You will notice that there are no relationships shown. This is because Dimodelo Data Warehouse Studio generates Dimensions as ColumnStore indexes by default, and there are no Primary Keys defined. Generally speaking Primary Keys and Clustered indexes will slow down your ETL Load. Most queries for reporting should occur against your OLAP Cube, so not having indexes will not impact report generation time. In any case, a ColumnStore will perform much better for aggregated queries over random attributes (that you see in reports) than clustered indexes.

Try this query against the star schema:

SELECT c.Year_Num, s.ServiceTypeCode, St.ServiceRole, SUM(Hours) AS Sum_Hours
FROM fact.fact_TimeRecord f
JOIN dim.dim_Calendar c
ON c.Calendar_Smart_Key = f.Calendar_Smart_Key
AND c.Year_Num = 2015
JOIN dim.dim_Service s
ON s.Service_sKey = f.Service_sKey
AND s.ServiceTypeCode = 45
JOIN dim.dim_Staff st
ON st.Staff_sKey = f.Staff_sKey
GROUP BY c.Year_Num, s.ServiceTypeCode, St.ServiceRole

It returns this result:

The Sum of Hours for the Year 2015 and ServiceTypeCode 45 broken down by Service Role.

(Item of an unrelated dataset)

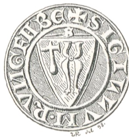
Fig. 58. Rungfabes I

Notice that query is simple (although a little long) and the join paths are straight forward. I.e. You are not joining through multiple tables to get an attribute value. This is the simplicity of a star schema model. Filtering using dimension attributes with simple joins to facts and aggregating measures.

One of the advantages of using a Semantic OLAP/Tabular Layer is that it (conceptually at least) writes these queries for you. It’s a drag and drop interface, where you drag the dimension attribute filters, row labels, and column headings onto a pivot table/chart.